Islanding detection is one of the conditions necessary for the safe operation of the microgrid. The detection technology should provide the ability to differentiate islanded operations from power ...grid disturbances effectively. Given that it is difficult to set the fault threshold using the passive detection method, and because the traditional active detection method affects the output power quality, a microgrid islanding detection method based on the Sliding Window Discrete Fourier Transform (SDFT)-Empirical Mode Decomposition (EMD) and Long Short-Term Memory (LSTM) network optimized by an attention mechanism is proposed. In this paper, the inverter output current and voltage at the point of common coupling (PCC) are transformed by the SDFT. The positive sequence, zero sequence, and negative sequence components of voltage and current harmonics are calculated and reconstructed by adopting the symmetrical component method (SCM). Meanwhile, the current and voltage are decomposed into a mono intrinsic mode function (IMF). The symmetric components of voltage, current, and IMFs are used as inputs to the deep learning algorithm.
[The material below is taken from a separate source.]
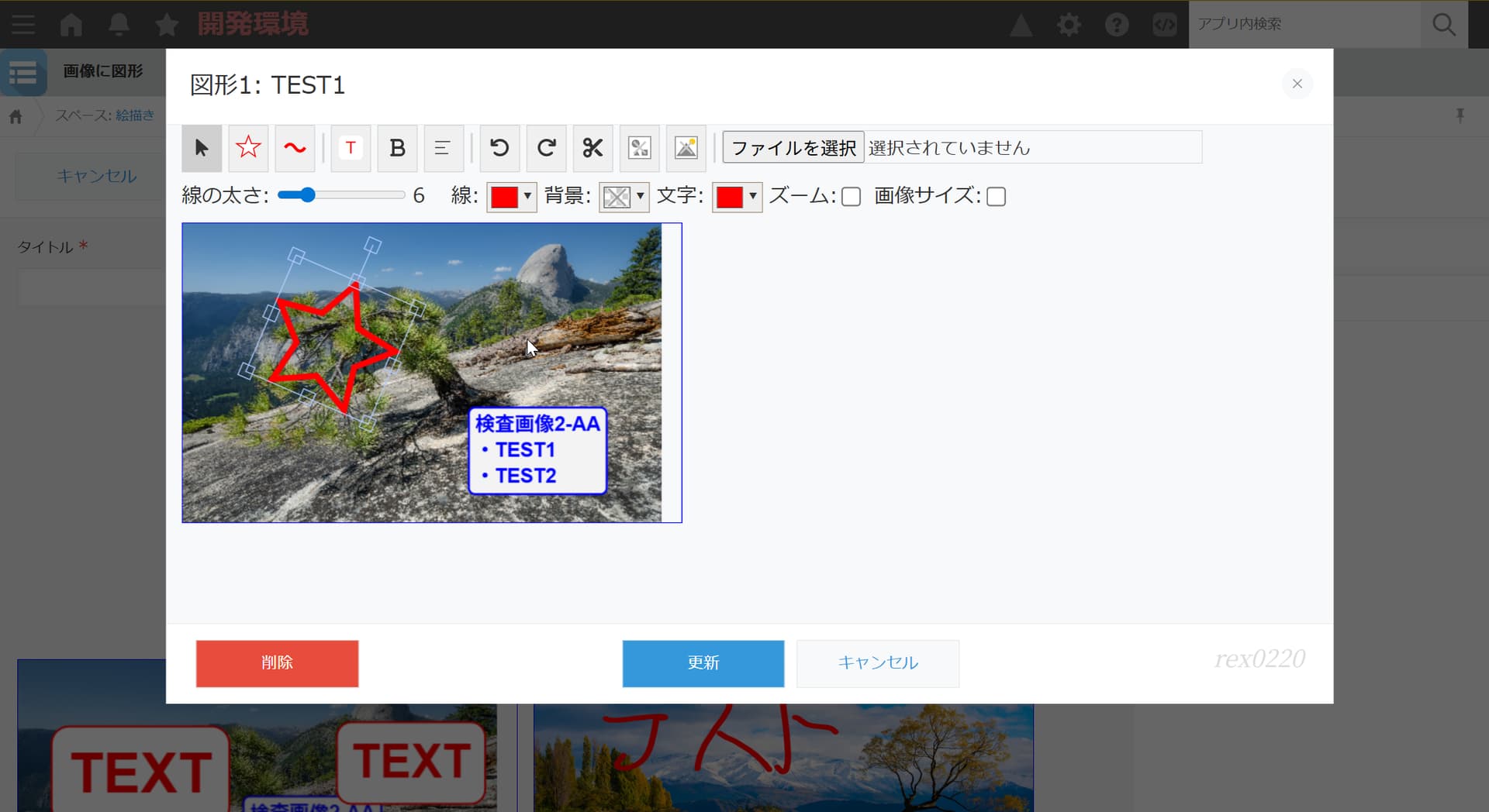 シェイプ!プラグインの特徴 ・kintone アプリで、画像に図形、手書き、テキストを描くことが出来るプラグインです。

An LSTM with the features extracted to classify islanding and grid disturbance is proposed. By using the attention mechanism to set the weight values of the features of hidden states obtained by the LSTM network, the proportion of important features increases, which improves the classification effect. MATLAB/Simulink simulation results indicate that the proposed method can effectively classify the islanding state under different working conditions with an accuracy level of 98.4% and a loss value of 0.0725 with a maximal detection time of 66.94 ms. It can also reduce the non-detection zone (NDZ) and detection time and has a certain level of noise resistance. Meanwhile, the problem whereby the active method affects the microgrid power quality is avoided without disturbing the current or power of the microgrid.